Review in Helsingin Sanomat 25th of March 1999

IF CHAGALL WERE A YOUNG MODERN WOMAN
Something borrowed, something blue and new

First thing Natasha Manelis brings into your mind is Chagall, then for
example Kandinsky. Rather than hunting for influences, however, it seems
to be more interesting to look how she has managed to take what she wants
from all of them and to develop her own voice.

One single painting has room for abstract and representing, cubistic colour
surfaces and softer forms. The colours are strong: a lot of bright blue, red
and yellow. The subjects are symbolic and timeless: still life of bottles,
glasses and plants, city buildings, chairs in empty landscape, female
figures and most of all endless amount of stringed instruments.

Manelis, who appears first time in Finland, was born in 1970 into an artist
family in Tadzhikistan. Nowadays  she lives in St. Petersburg with her
violinist husband. So the inspiration for violin subjects has been found
also closer than from the works of her models.

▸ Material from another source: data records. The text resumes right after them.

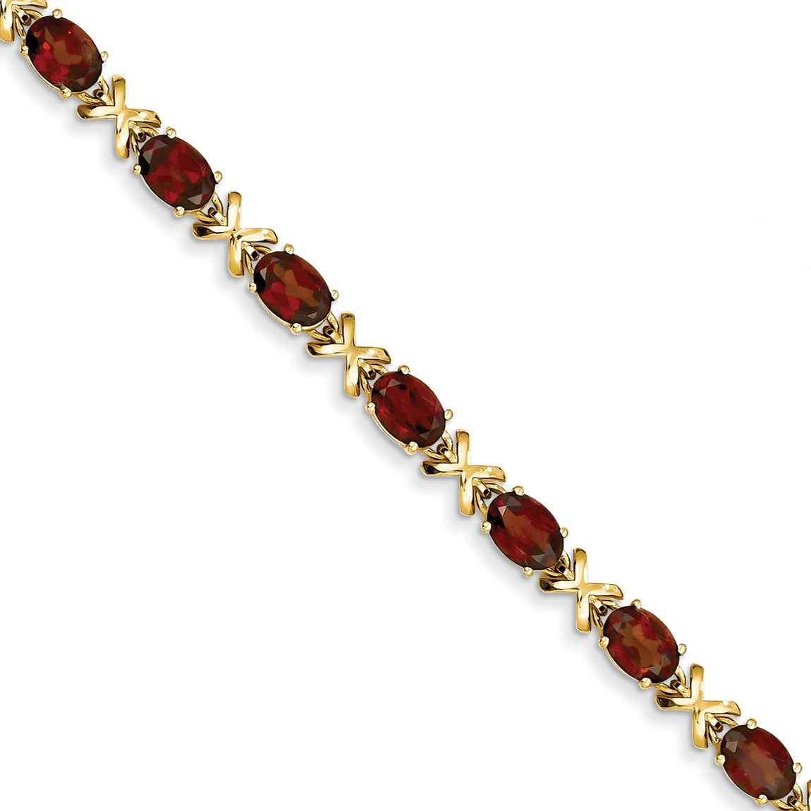7" 14k Yellow Gold 7x5mm Oval Garnet Bracelet X962GA
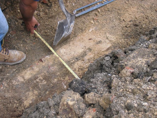 The exposed portion of brick was approximately two feet wide, but the full width of the wall could not be determined. At any rate, Katherine and I concluded that this brickwork most likely represents the foundation of the eastern wall of the nineteenth century commercial offices that once stood in front of the cotton warehouses and wharves of the Commercial Cotton Company.
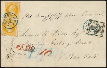 3 Gr. dunkelorange per zwei nebst 1/2 Gr. schwarz auf Überseebrief nach New York, K1 "Osterode" und Leitvermerk "mit Dampfschiff über Bremen", dazu roter Bremer Taxstempel, kleine Mängel
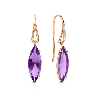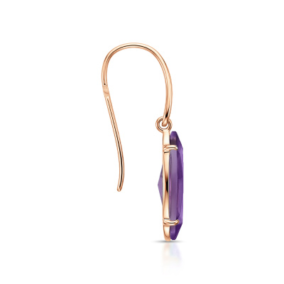 Серьги с 2 аметистами природными, 4.86 карат; Розовое золото 585 пробы.
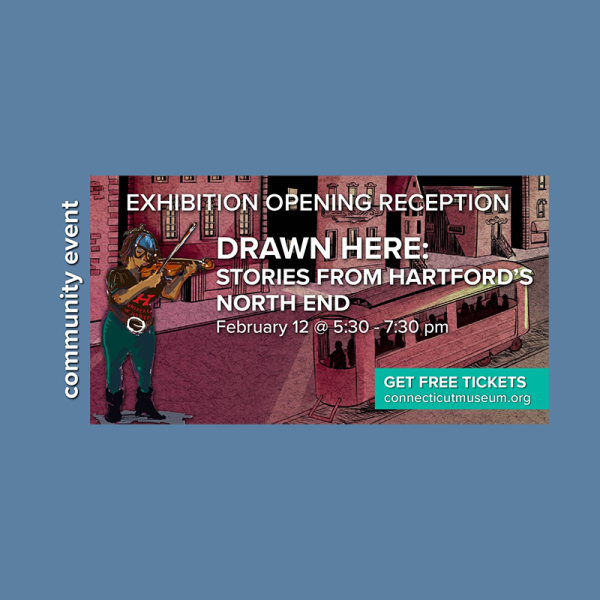 Join the Connecticut Museum of Culture and History in an exploration of Hartford’s North End migration history and culture. Drawn Here: Stories from Hartford’s North End highlights a series of graphic novels developed by local students and professional artists to share the “experiences of the Irish, Italians, Eastern Europeans, Black Southerners, West Indians, Puerto Ricans, and others who have made the neighborhood their home, whether briefly or for generations, [adding] nuance and depth to our understanding of what it means to be American.”
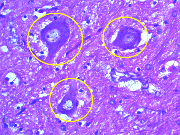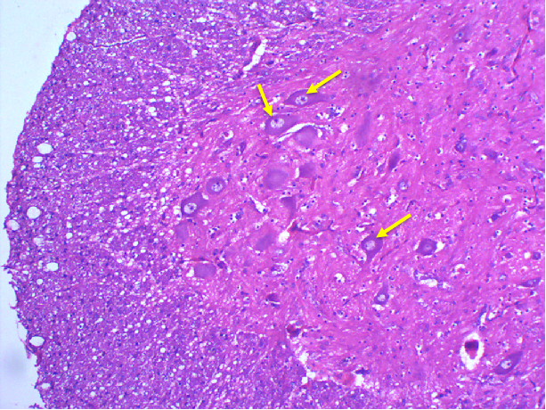 可见脊髓灰质前角运动神经元胞体大,有多个突起;细胞核大而圆,着色浅,核仁明显;细胞质内有粗大的斑块状结构即尼氏体,强嗜碱性,染紫蓝色。尼氏体除分布于胞体,亦可见树突内,但在轴丘和轴突内无尼氏体。
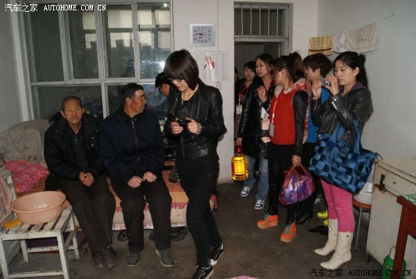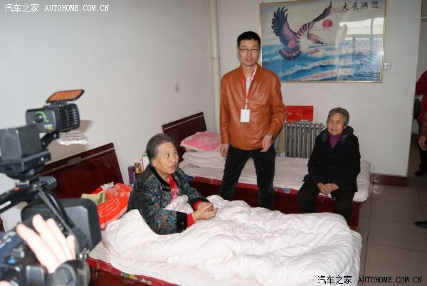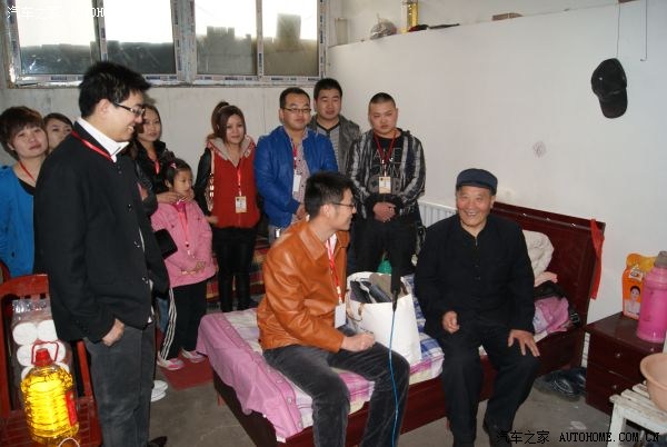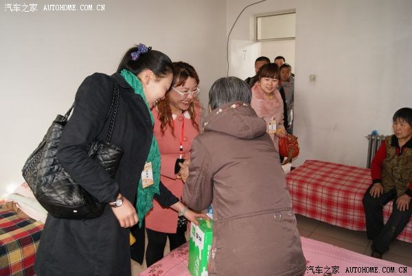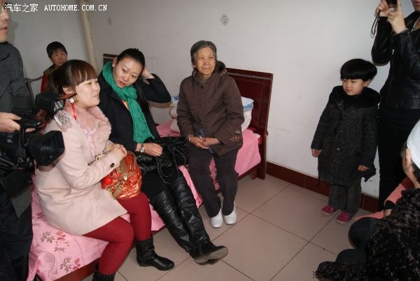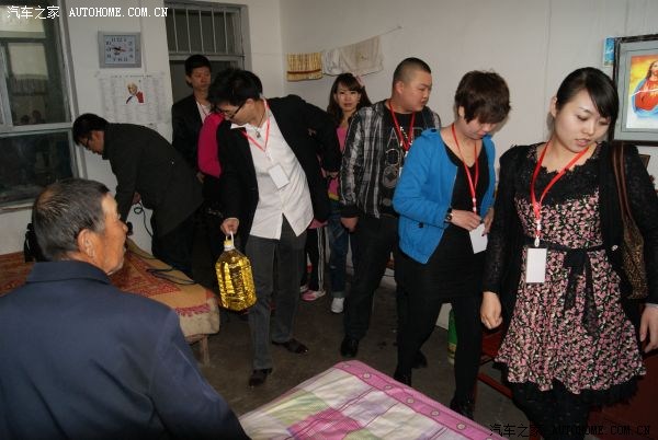 车友们自觉的拿着爱心物资 亲手送给老人们
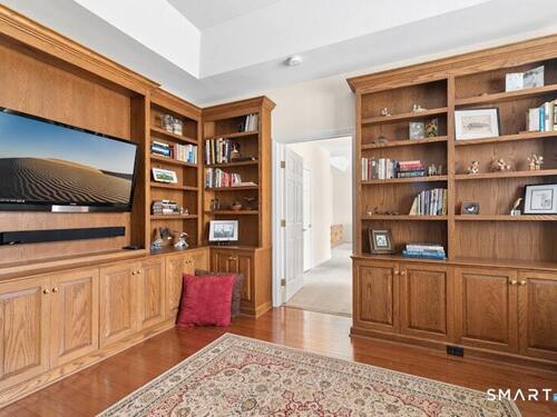 Vaulted Ceiling, Book Shelves, Built-Ins, Hardwood Floor
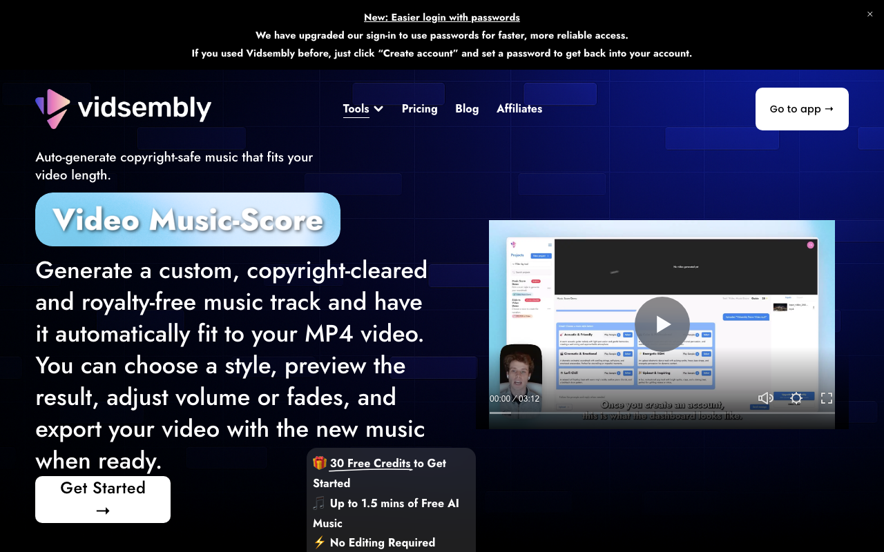 Su propuesta no se limita a generar música: también la ajusta al video, permite previsualizar el resultado, controlar volumen y aplicar fades antes de exportar. Además, funciona con un sistema de créditos compartido dentro de Vidsembly, con opción gratis para empezar sin tarjeta.
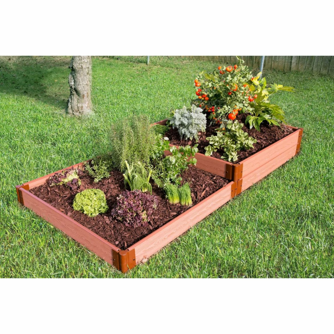 Multiple levels and a terraced design ensure this Frame It All Tool-Free Composite Terraced Raised Garden Bed Kit delivers maximum options in minimal space. The soil depth of the two-level section allows for any type of crop, even root vegetables. The one-level section is perfect for bedding plants, herbs, or strawberries. Patented anchor joints make it a snap to install on classic soft landscapes or hard surfaces like rooftops, patios, or decks.
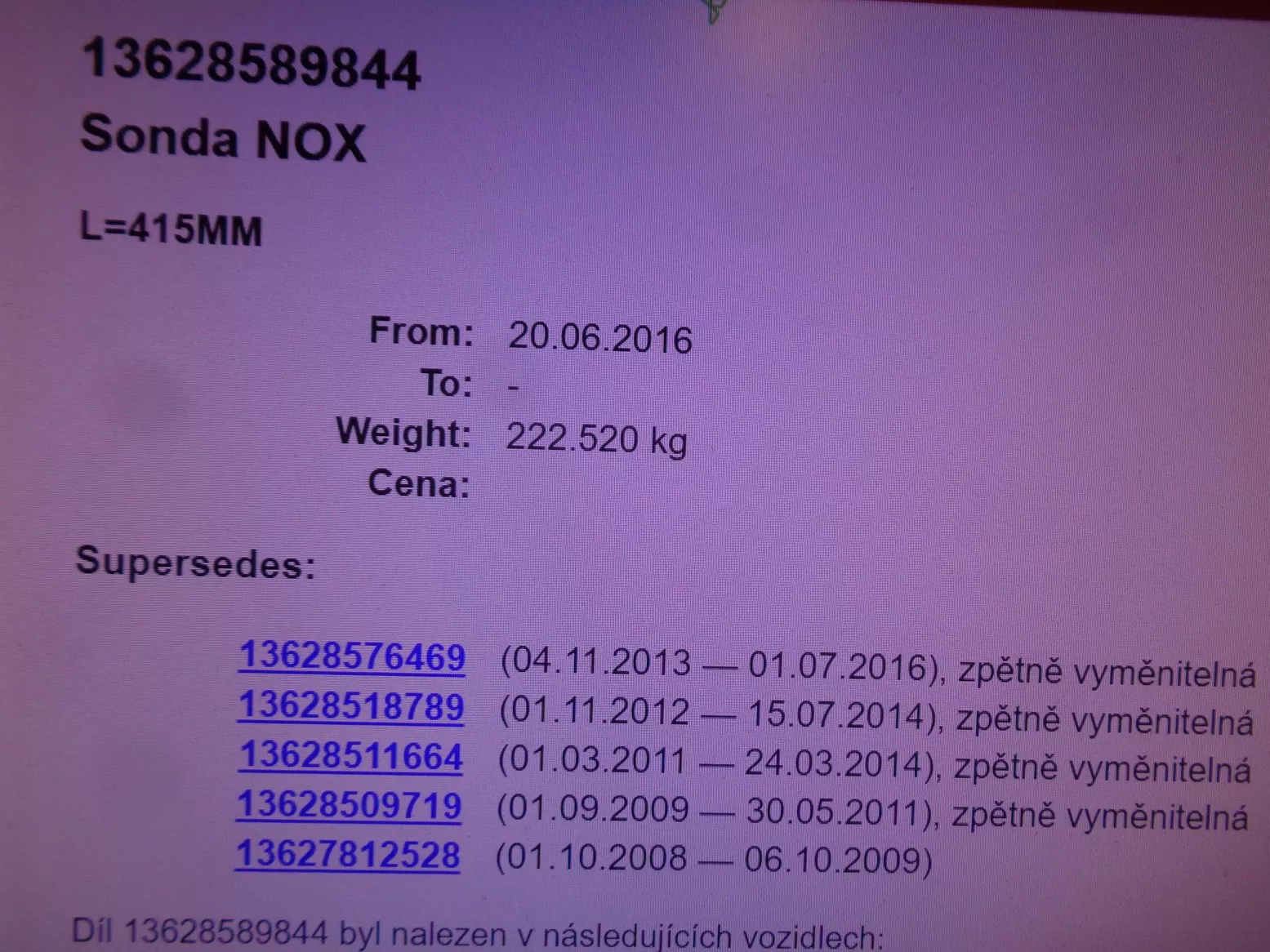 Čidlo NOx na BMW 1,2 F20/21/22/23LCI - motory B47, BMW 7 F01- motory N57, X5 E70LCI - N57, X5 F15 a X6 F16 - motory B47, N47S1, N57N, N57Z a N57X.

Young age and many influences show up in slight unevenness: not all the
paintings in the exhibition would be as effective on their own, without
support of the colourful roomful of them.

One of the best is Window, an oil painting, where you are looking out over
the flower vase into the city at night. Slightly cubistic touch and
stereoscopic effect from the colours combine so well that you will stay
looking in front of the painting like at a real window.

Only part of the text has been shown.